The result of the detection is published using a new custom message of type zed_interfaces/ObjectsStamped defined in the package zed_interfaces.

Enable Object Detection #

Object detection can be started automatically when the ZED Wrapper node starts by setting the parameter object_detection.od_enabled to true in the file common.yaml.

It is also possible to start the Object Detection processing manually by calling the service ~/enable_obj_detwith the parameterTrue`.

In both cases, the Object Detection processing can be stopped by calling the service ~/enable_obj_detwith the parameterFalse`.

See the services documentation for more info.

Using an ONNX file for Custom YOLO-like inference engine #

Object Detection inference can be performed using a custom inference engine in YOLO-like ONNX format.

You can generate your ONNX model by using Ultralytics YOLO tools.

Install Ultralytics YOLO tools:

python -m pip install ultralytics

if you already installed the ultralytics package, we recommend updating it to the latest version:

pip install -U ultralytics

Export an ONNX file from a YOLO model (more info here), for example:

yolo export model=yolo11n.pt format=onnx simplify=True dynamic=False imgsz=640

For a custom trained YOLO model the weight file can be changed, for example:

yolo export model=yolov8l_custom_model.pt format=onnx simplify=True dynamic=False imgsz=512

Please refer to the Ultralytics documentation for details.

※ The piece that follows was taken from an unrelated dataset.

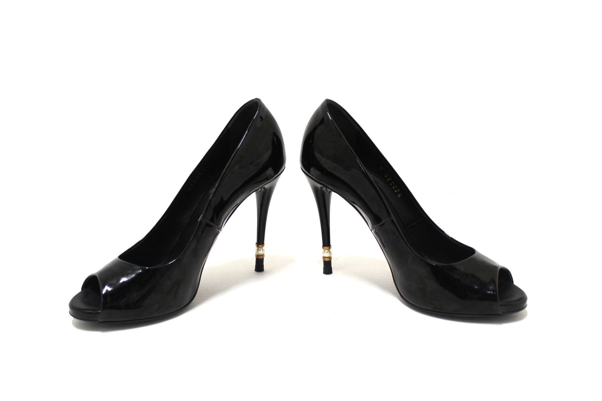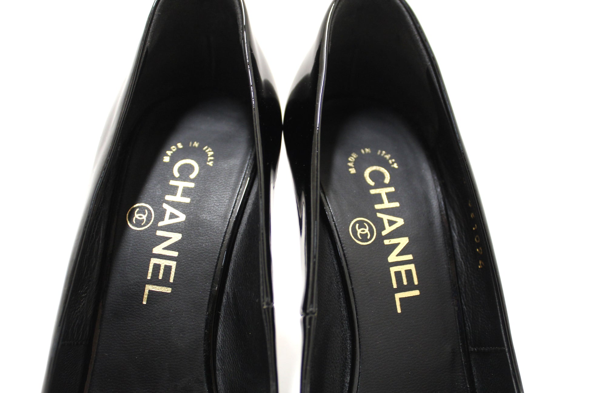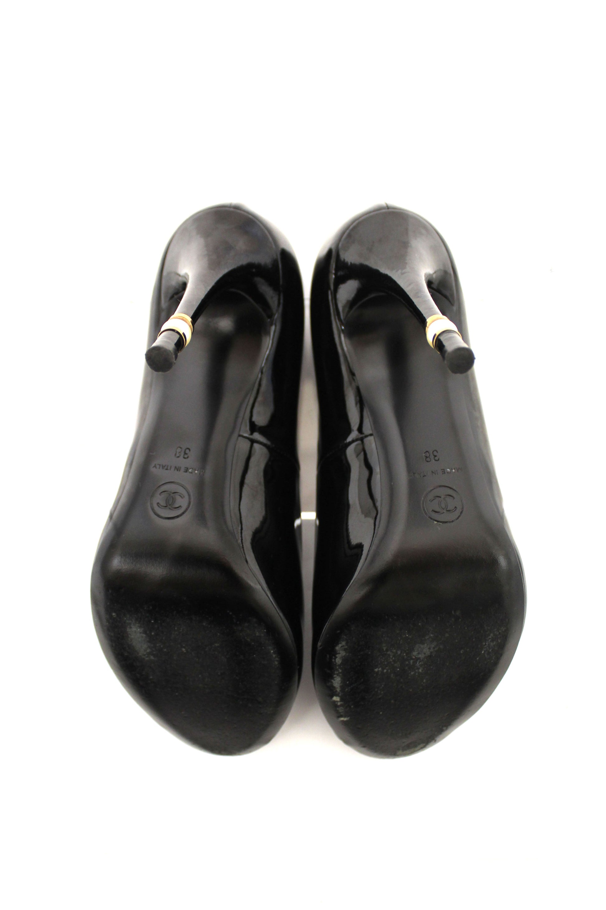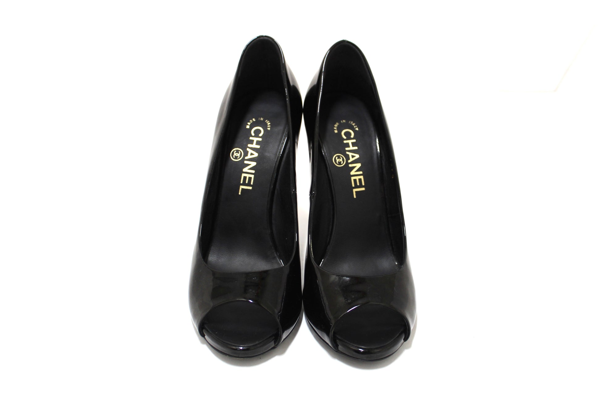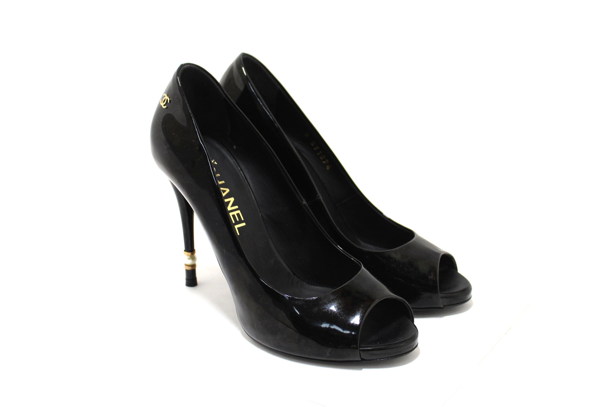Chanel Black Patent Leather CC Pearl Embellished Heel Peep Toe Pumps Size 38

Modify the common.yaml parameters to match your configuration:

  • set object_detection.model to CUSTOM_YOLOLIKE_BOX_OBJECTS
  • set object_detection.custom_onnx_file to the full path of your custom ONNX file
  • set object_detection.onnx_input_size to the size of the YOLO input tensor, e.g. 640
  • set object_detection.custom_label_yaml to the full path of your YAML file storing class labels in COCO format

📌 Note: The first time the custom model is used, the ZED SDK optimizes it to get the best performance from the GPU installed on the host. Please wait for the optimization to complete.

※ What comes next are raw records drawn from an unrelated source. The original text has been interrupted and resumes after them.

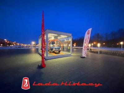 A Lada History nevű rajongói klub készítette el az üvegkalitkába zárt, a gyári szerelőszalagon lógó 2101-est mutató alkotást.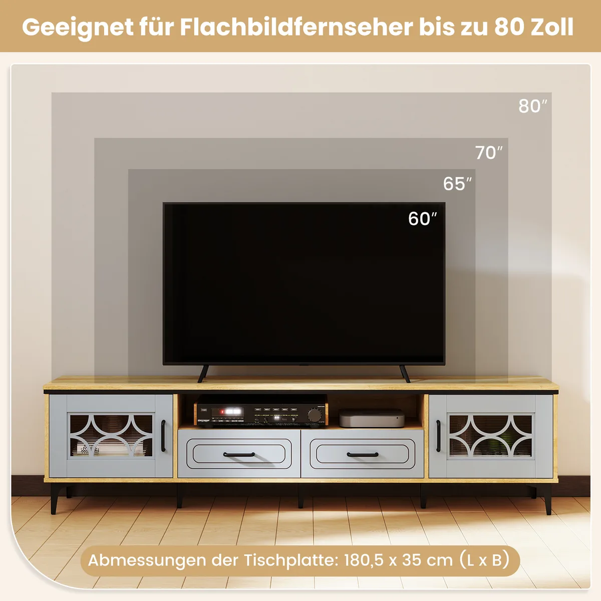 TV staliukas 180,5x35x46 cm yra skirtas plokščiaekraniams televizoriams iki 80 colių. Šis televizoriaus stovas suteikia pakankamai vietos įvairiems multimedijos įrenginiams ir aksesuarams, padedant išlaikyti tvarką pramogų zonoje. Komplekte yra stalčiai, spintelės ir atviri skyriai, kurie prisideda prie patogesnio naudojimo.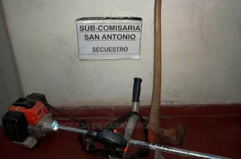 En la noche de ayer, a las 20:25, alertados por un llamado telefónico, efectivos de la Subcomisaría de San Antonio se constituyeron en un domicilio de la calle Gaspar Guzmán S/N°, de esa localidad del Departamento Fray Mamerto Esquiú, donde se entrevistaron con un hombre de 37 años de edad, quien manifestó que en el fondo del inmueble habría una persona del sexo masculino intentando saltar la tapia, luego de sustraer una motoguadaña marca Stihl, de colores anaranjado y negro, y un hacha de su propiedad, por lo que rápidamente los policías aprehendieron a un joven de apellido Monferran, de 26 años de edad, quien durante el procedimiento habría intentado agredir físicamente al personal policial interviniente con el hacha, no logrando su cometido.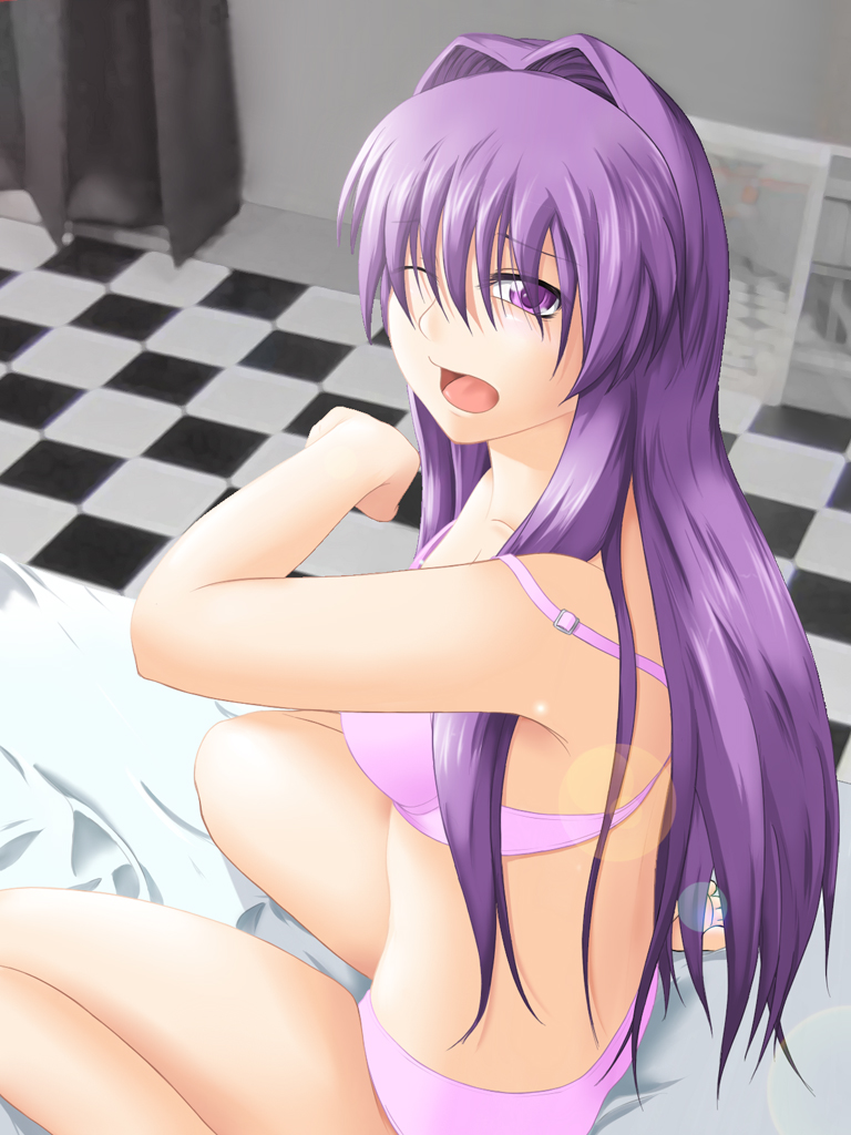 eve (black cat), black cat (series), eyebrows, 00s, 1girl, ass, blonde hair, female focus, from behind, leaning forward, loli, long hair, looking at viewer, looking back, nude, purple eyes, solo, very long hair

📌 Note: When using Docker, we recommend using a shared volume to store the optimized file on the host and perform the optimization only once. Read here for more information

Console log while optimization is running:

[zed_wrapper-3] [INFO] [1729184874.634985183] [zed.zed_node]: *** Starting Object Detection ***
[zed_wrapper-3] [2024-10-17 17:07:55 UTC][ZED][INFO] Please wait while the AI model is being optimized for your graphics card
[zed_wrapper-3]  This operation will be run only once and may take a few minutes

Object Detection results in RVIZ 2 #

To visualize the results of the Object Detection processing in Rviz2 the new ZedOdDisplay plugin is required. The plugin is available in the zed-ros2-examples GitHub repository and can be installed following the online instructions.

📌 Note: the source code of the plugin is a valid example of how to process the data of the topics of type zed_interfaces/ObjectsStamped.

Parameters:

  • Topic: Selects the object detection topic to visualize from the list of available images in the combo box.
  • Depth: The depth of the incoming message queue.
  • History policy: Set the QoS history policy. Keep Last is suggested for performance and compatibility.
  • Reliability Policy: Set the QoS reliability policy. Best Effort is suggested for performance and compatibility.
  • Durability Policy: Set the QoS durability policy. Volatile is suggested for compatibility.
  • Transparency: the transparency level of the structures composing the detected objects.
  • Show skeleton: Not used.
  • Show Labels: enable/disable the visualization of the object label.
  • Show Bounding Boxes: enable/disable the visualization of the bounding boxes of the detected objects.
  • Link Size: the size of the bounding boxes’ corner lines.
  • Joint Radius: the radius of the spheres placed on the corners of the bounding boxes.
  • Label Scale: the scale of the label of the object.